**Your task:**
Take the whole listing and reproduce it exactly, pictures excepted.

**Material supplied:**
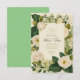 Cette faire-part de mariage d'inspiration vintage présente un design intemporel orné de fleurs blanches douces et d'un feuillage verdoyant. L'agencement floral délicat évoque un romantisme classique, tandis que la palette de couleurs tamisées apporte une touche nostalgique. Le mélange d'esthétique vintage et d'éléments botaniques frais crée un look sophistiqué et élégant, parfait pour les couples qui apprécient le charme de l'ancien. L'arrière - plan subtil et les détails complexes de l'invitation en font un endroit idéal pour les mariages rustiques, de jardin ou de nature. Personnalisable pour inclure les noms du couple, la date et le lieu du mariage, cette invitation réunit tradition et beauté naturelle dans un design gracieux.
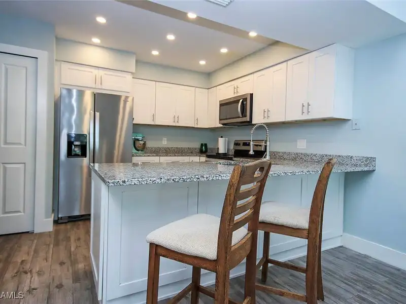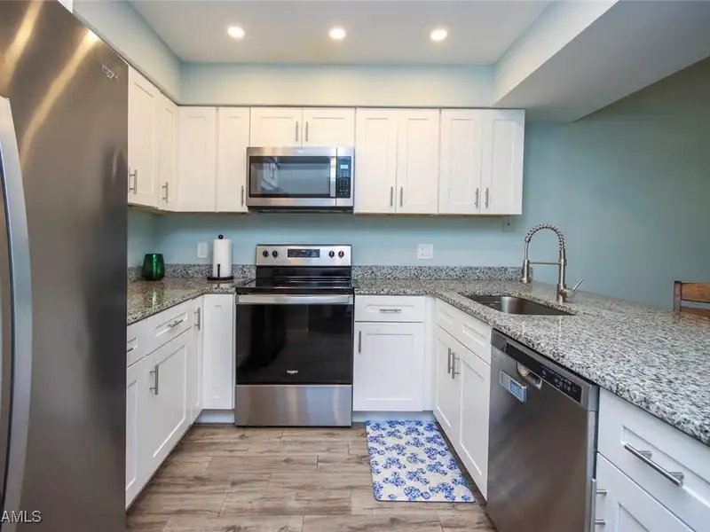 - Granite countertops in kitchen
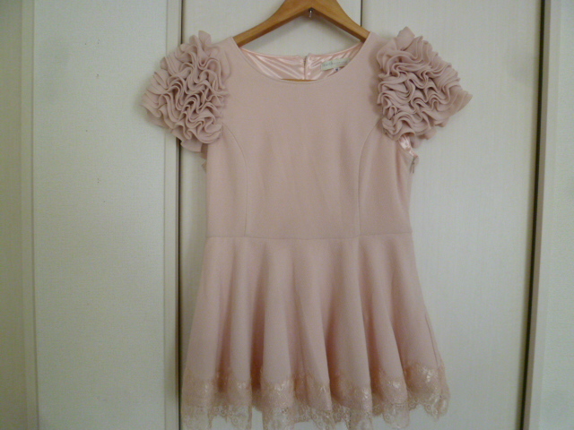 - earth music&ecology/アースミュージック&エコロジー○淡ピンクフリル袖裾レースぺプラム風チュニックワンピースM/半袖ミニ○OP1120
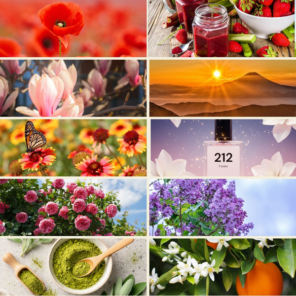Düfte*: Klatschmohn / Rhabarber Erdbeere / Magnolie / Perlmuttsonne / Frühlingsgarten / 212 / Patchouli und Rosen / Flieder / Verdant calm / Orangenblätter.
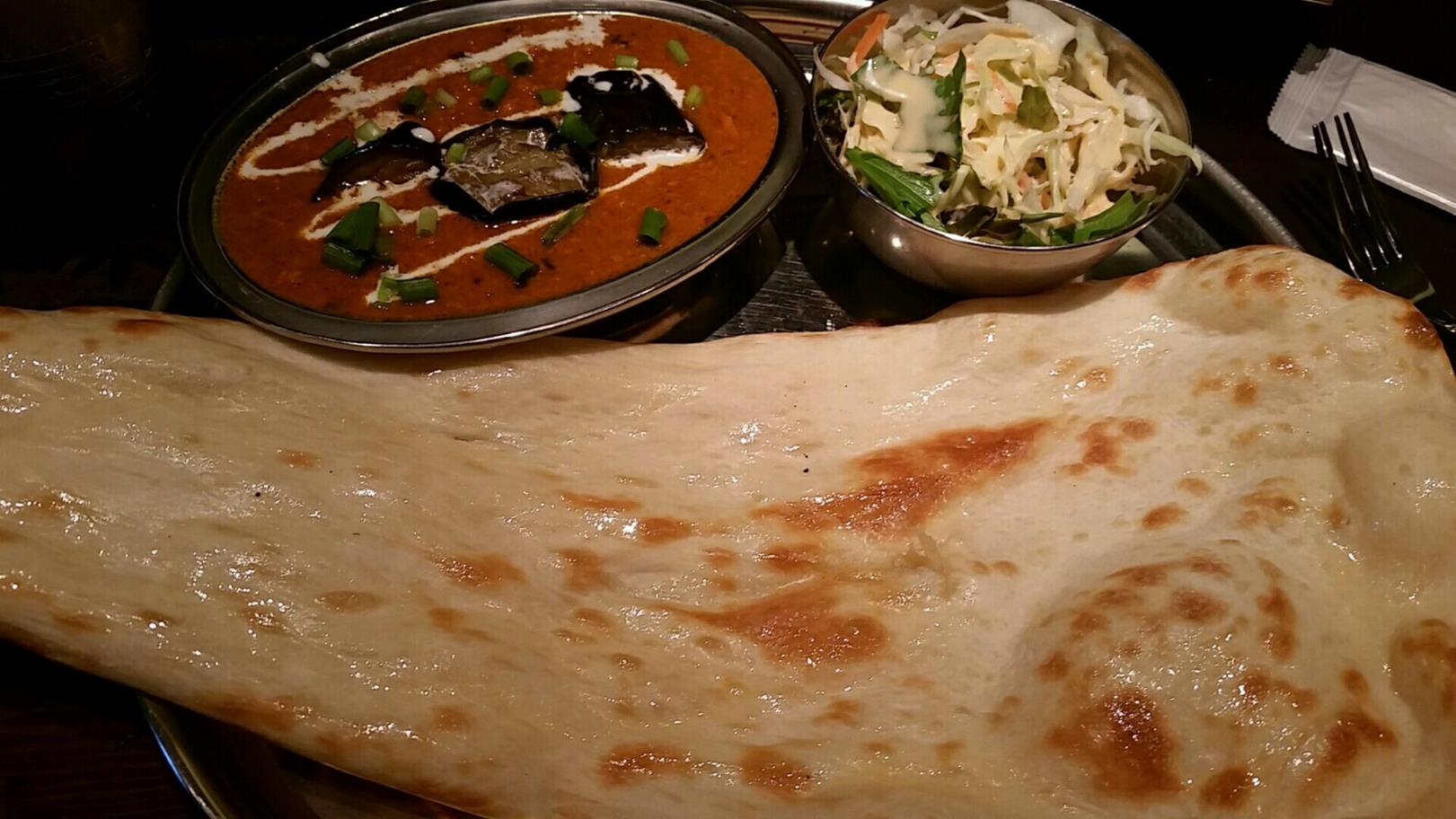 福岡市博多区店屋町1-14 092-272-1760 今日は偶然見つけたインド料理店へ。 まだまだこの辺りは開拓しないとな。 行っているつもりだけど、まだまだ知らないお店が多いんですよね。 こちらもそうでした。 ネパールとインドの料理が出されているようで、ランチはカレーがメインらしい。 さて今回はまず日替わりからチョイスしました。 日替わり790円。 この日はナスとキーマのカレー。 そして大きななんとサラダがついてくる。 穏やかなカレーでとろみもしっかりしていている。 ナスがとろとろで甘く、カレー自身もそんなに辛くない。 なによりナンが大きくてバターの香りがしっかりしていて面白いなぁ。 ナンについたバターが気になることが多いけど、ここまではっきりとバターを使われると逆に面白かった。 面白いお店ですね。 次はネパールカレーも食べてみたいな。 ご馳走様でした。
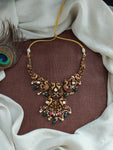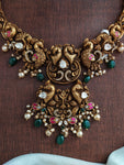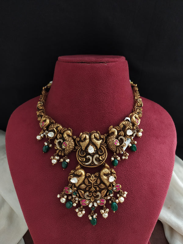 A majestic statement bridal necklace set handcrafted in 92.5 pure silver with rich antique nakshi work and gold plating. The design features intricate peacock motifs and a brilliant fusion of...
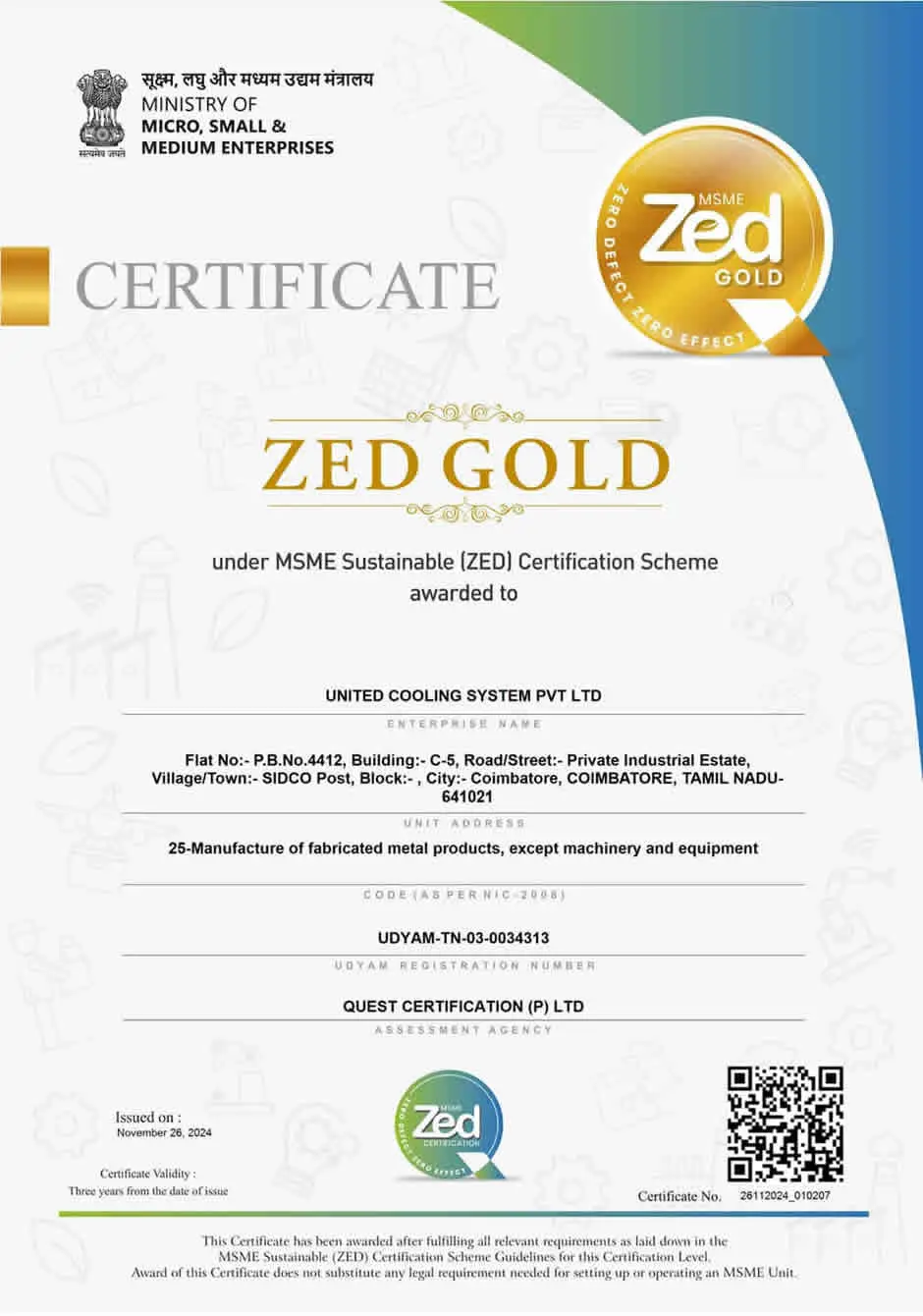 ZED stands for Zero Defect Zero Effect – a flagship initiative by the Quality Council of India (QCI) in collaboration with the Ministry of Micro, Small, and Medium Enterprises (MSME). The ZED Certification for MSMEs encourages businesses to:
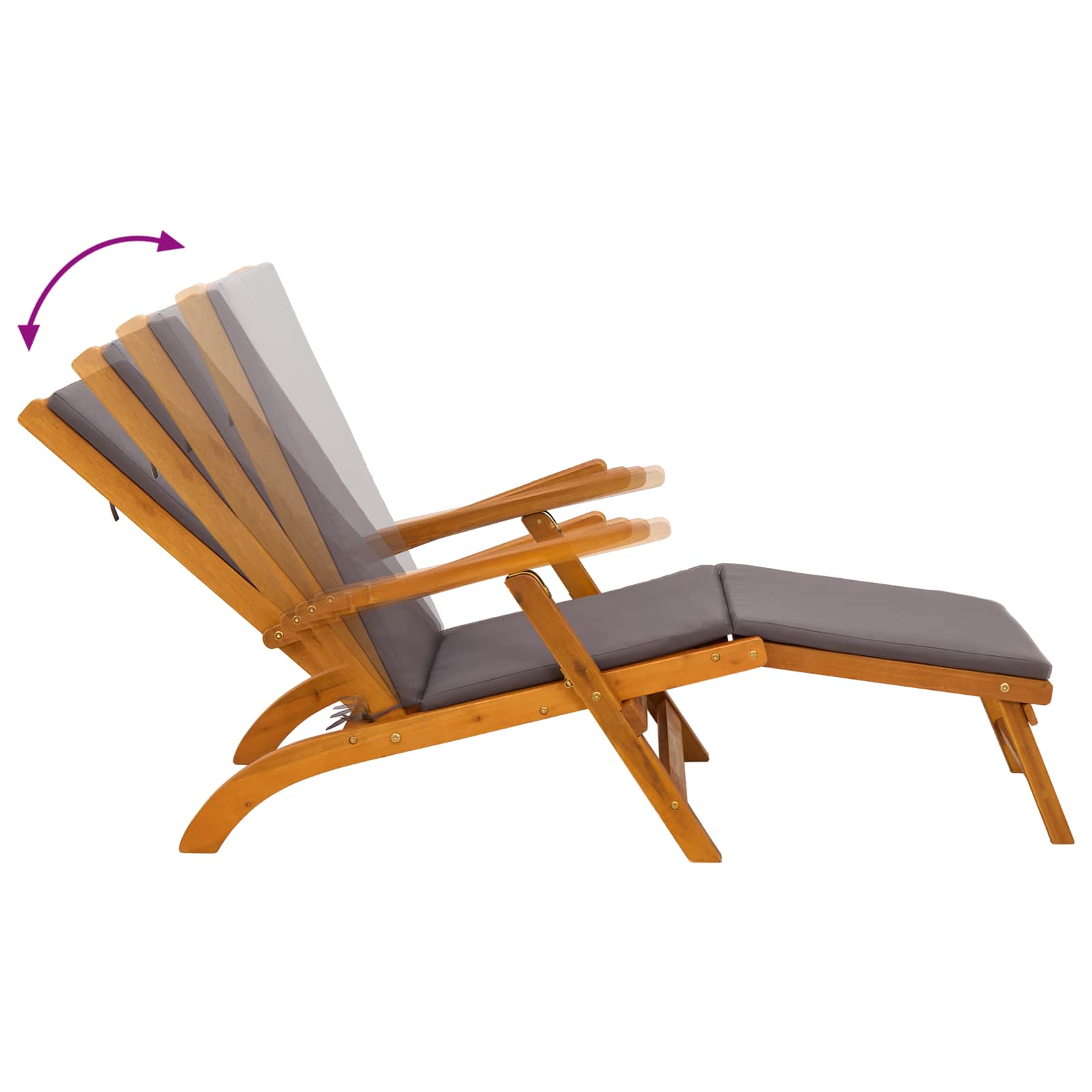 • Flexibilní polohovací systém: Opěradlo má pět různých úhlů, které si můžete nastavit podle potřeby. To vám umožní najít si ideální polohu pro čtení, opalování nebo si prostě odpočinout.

**Reply:**
 Cette faire-part de mariage d'inspiration vintage présente un design intemporel orné de fleurs blanches douces et d'un feuillage verdoyant. L'agencement floral délicat évoque un romantisme classique, tandis que la palette de couleurs tamisées apporte une touche nostalgique. Le mélange d'esthétique vintage et d'éléments botaniques frais crée un look sophistiqué et élégant, parfait pour les couples qui apprécient le charme de l'ancien. L'arrière - plan subtil et les détails complexes de l'invitation en font un endroit idéal pour les mariages rustiques, de jardin ou de nature. Personnalisable pour inclure les noms du couple, la date et le lieu du mariage, cette invitation réunit tradition et beauté naturelle dans un design gracieux.
 - Granite countertops in kitchen
 - earth music&ecology/アースミュージック&エコロジー○淡ピンクフリル袖裾レースぺプラム風チュニックワンピースM/半袖ミニ○OP1120
Düfte*: Klatschmohn / Rhabarber Erdbeere / Magnolie / Perlmuttsonne / Frühlingsgarten / 212 / Patchouli und Rosen / Flieder / Verdant calm / Orangenblätter.
 福岡市博多区店屋町1-14 092-272-1760 今日は偶然見つけたインド料理店へ。 まだまだこの辺りは開拓しないとな。 行っているつもりだけど、まだまだ知らないお店が多いんですよね。 こちらもそうでした。 ネパールとインドの料理が出されているようで、ランチはカレーがメインらしい。 さて今回はまず日替わりからチョイスしました。 日替わり790円。 この日はナスとキーマのカレー。 そして大きななんとサラダがついてくる。 穏やかなカレーでとろみもしっかりしていている。 ナスがとろとろで甘く、カレー自身もそんなに辛くない。 なによりナンが大きくてバターの香りがしっかりしていて面白いなぁ。 ナンについたバターが気になることが多いけど、ここまではっきりとバターを使われると逆に面白かった。 面白いお店ですね。 次はネパールカレーも食べてみたいな。 ご馳走様でした。
 A majestic statement bridal necklace set handcrafted in 92.5 pure silver with rich antique nakshi work and gold plating. The design features intricate peacock motifs and a brilliant fusion of...
 ZED stands for Zero Defect Zero Effect – a flagship initiative by the Quality Council of India (QCI) in collaboration with the Ministry of Micro, Small, and Medium Enterprises (MSME). The ZED Certification for MSMEs encourages businesses to:
 • Flexibilní polohovací systém: Opěradlo má pět různých úhlů, které si můžete nastavit podle potřeby. To vám umožní najít si ideální polohu pro čtení, opalování nebo si prostě odpočinout.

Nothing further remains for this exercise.